_Activity:_ The reply to the records below should contain exactly the lines from the line with "Chemist at Play" through the line with "クロスネックレス シルバー925 イエロー", and nothing besides.

==== Dataset

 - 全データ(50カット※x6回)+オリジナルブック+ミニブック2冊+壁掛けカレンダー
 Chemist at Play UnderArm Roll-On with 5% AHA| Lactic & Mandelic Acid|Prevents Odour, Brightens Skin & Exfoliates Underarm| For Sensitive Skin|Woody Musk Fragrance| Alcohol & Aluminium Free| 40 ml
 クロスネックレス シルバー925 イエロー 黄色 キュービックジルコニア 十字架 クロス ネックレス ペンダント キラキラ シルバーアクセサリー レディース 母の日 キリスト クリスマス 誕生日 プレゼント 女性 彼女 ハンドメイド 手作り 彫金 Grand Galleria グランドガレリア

========
==== Dataset

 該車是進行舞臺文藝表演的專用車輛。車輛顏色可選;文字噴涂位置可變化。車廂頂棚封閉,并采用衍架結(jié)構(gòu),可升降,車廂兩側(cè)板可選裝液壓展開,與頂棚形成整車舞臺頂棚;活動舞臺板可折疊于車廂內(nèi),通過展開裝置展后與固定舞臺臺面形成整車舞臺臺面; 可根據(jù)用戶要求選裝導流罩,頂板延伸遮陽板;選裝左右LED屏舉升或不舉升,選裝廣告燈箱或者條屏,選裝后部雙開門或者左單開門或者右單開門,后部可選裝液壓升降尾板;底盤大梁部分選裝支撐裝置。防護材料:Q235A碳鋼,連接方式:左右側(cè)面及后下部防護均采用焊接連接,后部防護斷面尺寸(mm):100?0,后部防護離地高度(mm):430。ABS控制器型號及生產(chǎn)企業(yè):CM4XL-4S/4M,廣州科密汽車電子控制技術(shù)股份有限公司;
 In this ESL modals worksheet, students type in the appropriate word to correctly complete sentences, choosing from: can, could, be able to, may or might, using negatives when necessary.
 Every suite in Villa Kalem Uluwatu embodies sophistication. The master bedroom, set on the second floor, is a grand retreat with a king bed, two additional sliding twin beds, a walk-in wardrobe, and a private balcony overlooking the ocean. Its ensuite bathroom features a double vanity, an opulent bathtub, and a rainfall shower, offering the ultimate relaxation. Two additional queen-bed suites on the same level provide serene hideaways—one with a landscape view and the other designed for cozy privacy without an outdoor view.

========

_Task result:_
 Chemist at Play UnderArm Roll-On with 5% AHA| Lactic & Mandelic Acid|Prevents Odour, Brightens Skin & Exfoliates Underarm| For Sensitive Skin|Woody Musk Fragrance| Alcohol & Aluminium Free| 40 ml
 クロスネックレス シルバー925 イエロー 黄色 キュービックジルコニア 十字架 クロス ネックレス ペンダント キラキラ シルバーアクセサリー レディース 母の日 キリスト クリスマス 誕生日 プレゼント 女性 彼女 ハンドメイド 手作り 彫金 Grand Galleria グランドガレリア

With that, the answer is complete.